Requirement: Below are the records; copy exactly the stretch from the line containing "Грамота за 5" through the line containing "8月26日。福建省謀成水泥發", both ends included, and nothing else.

Supplied information:
..............................

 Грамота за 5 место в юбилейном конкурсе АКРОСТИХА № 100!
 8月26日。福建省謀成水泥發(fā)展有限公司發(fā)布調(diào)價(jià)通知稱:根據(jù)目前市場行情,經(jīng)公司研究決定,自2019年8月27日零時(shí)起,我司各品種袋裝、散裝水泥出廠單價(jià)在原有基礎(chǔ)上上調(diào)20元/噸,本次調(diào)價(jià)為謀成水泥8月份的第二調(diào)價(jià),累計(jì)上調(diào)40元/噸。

..............................

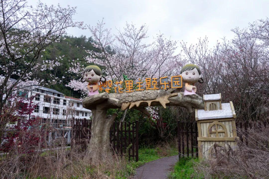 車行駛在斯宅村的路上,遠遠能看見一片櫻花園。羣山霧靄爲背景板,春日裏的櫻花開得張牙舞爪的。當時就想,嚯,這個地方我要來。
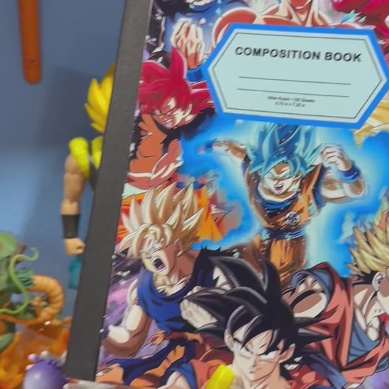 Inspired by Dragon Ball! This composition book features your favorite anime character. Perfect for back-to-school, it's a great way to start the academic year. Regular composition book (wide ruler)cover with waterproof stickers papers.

..............................

Exercise response:
 Грамота за 5 место в юбилейном конкурсе АКРОСТИХА № 100!
 8月26日。福建省謀成水泥發(fā)展有限公司發(fā)布調(diào)價(jià)通知稱:根據(jù)目前市場行情,經(jīng)公司研究決定,自2019年8月27日零時(shí)起,我司各品種袋裝、散裝水泥出廠單價(jià)在原有基礎(chǔ)上上調(diào)20元/噸,本次調(diào)價(jià)為謀成水泥8月份的第二調(diào)價(jià),累計(jì)上調(diào)40元/噸。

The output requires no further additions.